Speaker
Description
The LEnuSTORM (low-energy neutrinos from stored muons) is a proposed facility that enhances the performance of the ESSnuSB* (European Spallation Source Neutrino Super Beam) project by measuring neutrino cross sections in the energy range 200-600\,MeV, where data is largely missing. The facility utilizes a 1.25\,MW proton beam from the European Spallation Source linac, which is compressed in an accumulator into 1.2\,µs pulses and directed at a granular titanium target embedded in a horn. Pions collected by the horn are transferred and injected into a racetrack-shaped storage ring where they decay and emit muons that will be stored in the ring for a few tens of turns. The neutrinos emitted in the muon decay in one of the straight sections will travel to a water Cherenkov detector, where the interactions are monitored.
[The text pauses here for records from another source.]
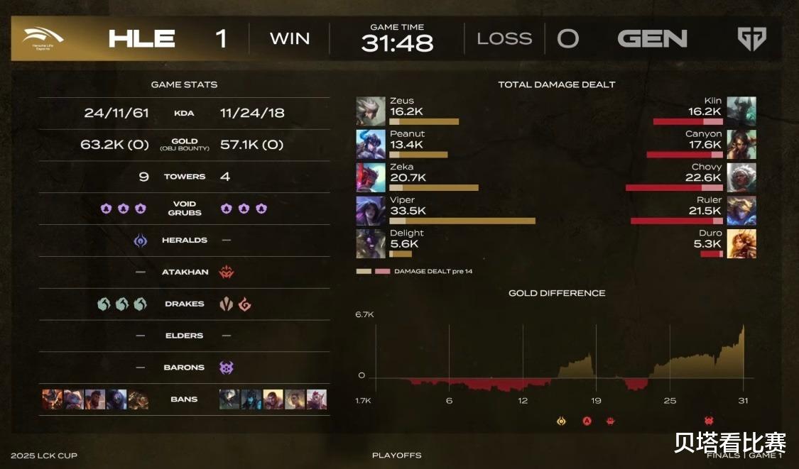 LCK杯GEN和HLE的总决赛,双方打满5局之后,HLE以3-2的战绩击败GEN,拿下LCK杯的冠军,将参加先锋赛!
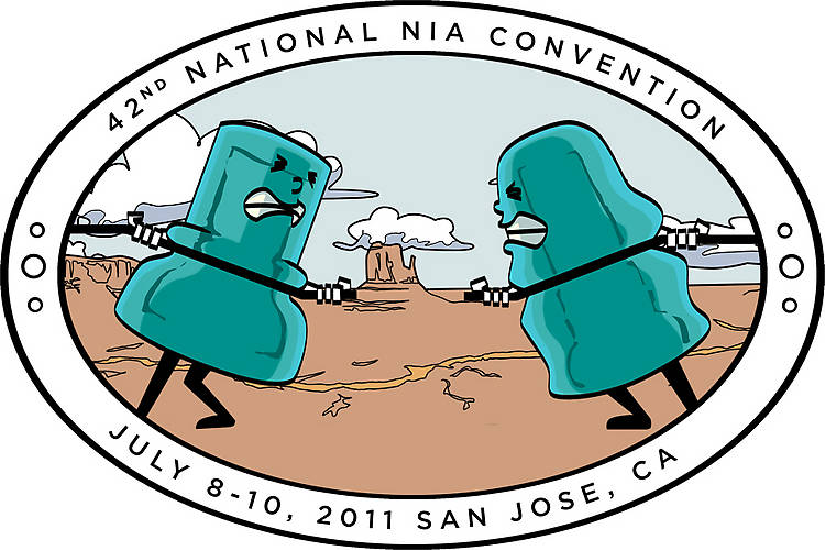 This logo design was specially commissioned for the 42nd Annual NIA National Convention to celebrate the 150th anniversary of the transcontinental telegraph. The design was created by my daughter Christina Jung who took her inspiration from the old "Lets go out to the lobby" cartoon characters. |
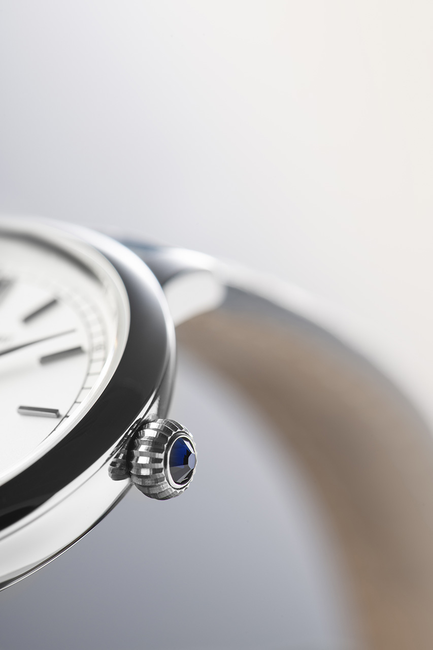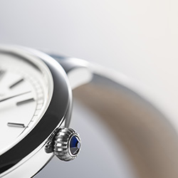 В отличие от предшественниц в новых моделях лишь метка в положении «12 часов» выполнена в виде римской цифры XII. По обе стороны от нее, на обновленной минутной шкале по периметру циферблата расположены по пять арабских цифр. Мерный бег разметки деликатно прерывает надпись Swiss Made в положении «6 часов», которая служит подлинным свидетельством высокого качества изделия. Эта изящная интерпретация минутной шкалы, известная под названием «железная дорога», напоминает дизайн «секторных циферблатов», которыми оснащались культовые модели 1920–1940-х годов. Стремление к большей эстетической привлекательности нашло воплощение в заводной головке в форме луковицы, увенчанной элегантным синим камнем огранки кабошон.
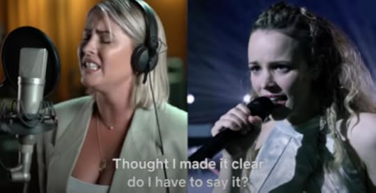 There was, in fact, quite a bit of good music. And the climactic song was, as I said, a little piece of cinema magic. The songwriters (Savan Kotecha, Max Grahn, and Rickard Gorensson) are the primary nominees for the award, but a lot of factors make this song work. Rachel McAdams acts very well the part of the fictional (comically spoofy but also endearing) Icelandic singer Sigrit, especially at this peak moment. She also "gives a lesson" in lip-synching.
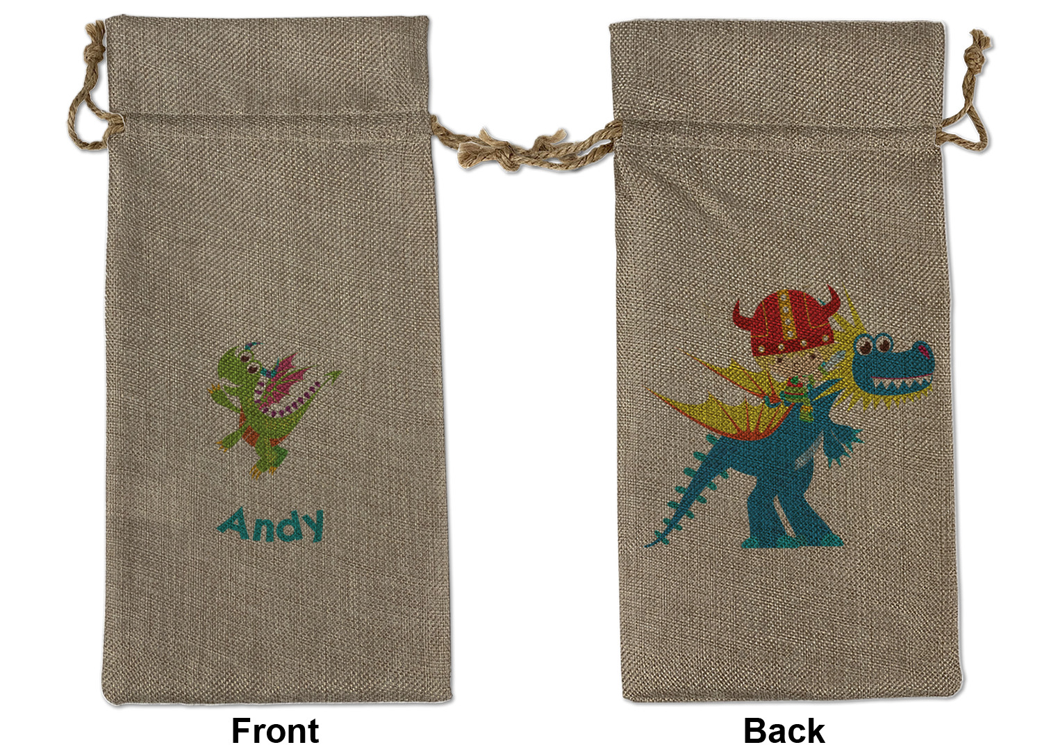 We sell our Burlap Gift Bags in 3 variant sized bags. Made with burlap polyester, each personalized bag can be secured with a twine drawstring pull. Your custom design is available to print on one side or both sides - completely up to you! The sizes of the bags measure approximately 4.5" x 6.5" for the smallest size, 6.5" x 8.0" for the medium size, and 6.5" x 13.5" for the large-sized bag.

At LEnuSTORM, the beam is large and very divergent, and thus difficult to contain. The ring design presented in this paper uses iron-dominated magnets to reduce complexity, and a compact FODO lattice with strong focusing to maximize neutrino production by allowing a large transverse acceptance. However, the design pushes fringe-field effects beyond the linear regime and requires a paraxial expansion with higher-order terms, introducing resonances and reduced dynamic aperture. We present here a design that aims at balancing the transverse and momentum acceptance with the dynamic aperture, to maximise neutrino production.